Your assignment: Retype, word for word, each line between the lines holding "Durante la revisión" and "Il blocco di", inclusive, and leave the rest of the data alone.

Data for processing:
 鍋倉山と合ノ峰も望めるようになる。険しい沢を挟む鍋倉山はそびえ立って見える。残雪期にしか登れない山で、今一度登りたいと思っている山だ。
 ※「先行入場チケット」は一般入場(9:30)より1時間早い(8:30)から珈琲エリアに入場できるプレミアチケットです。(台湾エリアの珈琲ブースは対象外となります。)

* * *

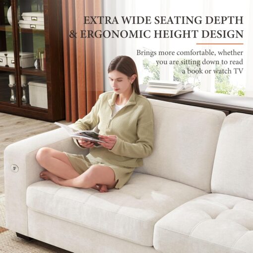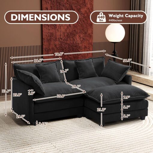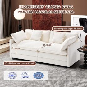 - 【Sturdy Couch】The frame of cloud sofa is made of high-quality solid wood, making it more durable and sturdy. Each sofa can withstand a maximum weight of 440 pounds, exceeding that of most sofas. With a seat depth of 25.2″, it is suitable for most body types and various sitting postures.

...

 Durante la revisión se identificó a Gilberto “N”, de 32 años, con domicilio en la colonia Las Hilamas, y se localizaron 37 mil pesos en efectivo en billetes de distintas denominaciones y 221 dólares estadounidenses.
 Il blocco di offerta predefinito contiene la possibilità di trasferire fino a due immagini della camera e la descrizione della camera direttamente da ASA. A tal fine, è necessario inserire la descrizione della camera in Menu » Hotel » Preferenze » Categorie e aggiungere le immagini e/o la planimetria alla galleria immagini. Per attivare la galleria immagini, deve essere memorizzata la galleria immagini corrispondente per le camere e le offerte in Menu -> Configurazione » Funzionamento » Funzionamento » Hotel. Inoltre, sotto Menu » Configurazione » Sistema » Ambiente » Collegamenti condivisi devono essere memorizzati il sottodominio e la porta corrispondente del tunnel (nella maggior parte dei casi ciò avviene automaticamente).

Answer:
 Durante la revisión se identificó a Gilberto “N”, de 32 años, con domicilio en la colonia Las Hilamas, y se localizaron 37 mil pesos en efectivo en billetes de distintas denominaciones y 221 dólares estadounidenses.
 Il blocco di offerta predefinito contiene la possibilità di trasferire fino a due immagini della camera e la descrizione della camera direttamente da ASA. A tal fine, è necessario inserire la descrizione della camera in Menu » Hotel » Preferenze » Categorie e aggiungere le immagini e/o la planimetria alla galleria immagini. Per attivare la galleria immagini, deve essere memorizzata la galleria immagini corrispondente per le camere e le offerte in Menu -> Configurazione » Funzionamento » Funzionamento » Hotel. Inoltre, sotto Menu » Configurazione » Sistema » Ambiente » Collegamenti condivisi devono essere memorizzati il sottodominio e la porta corrispondente del tunnel (nella maggior parte dei casi ciò avviene automaticamente).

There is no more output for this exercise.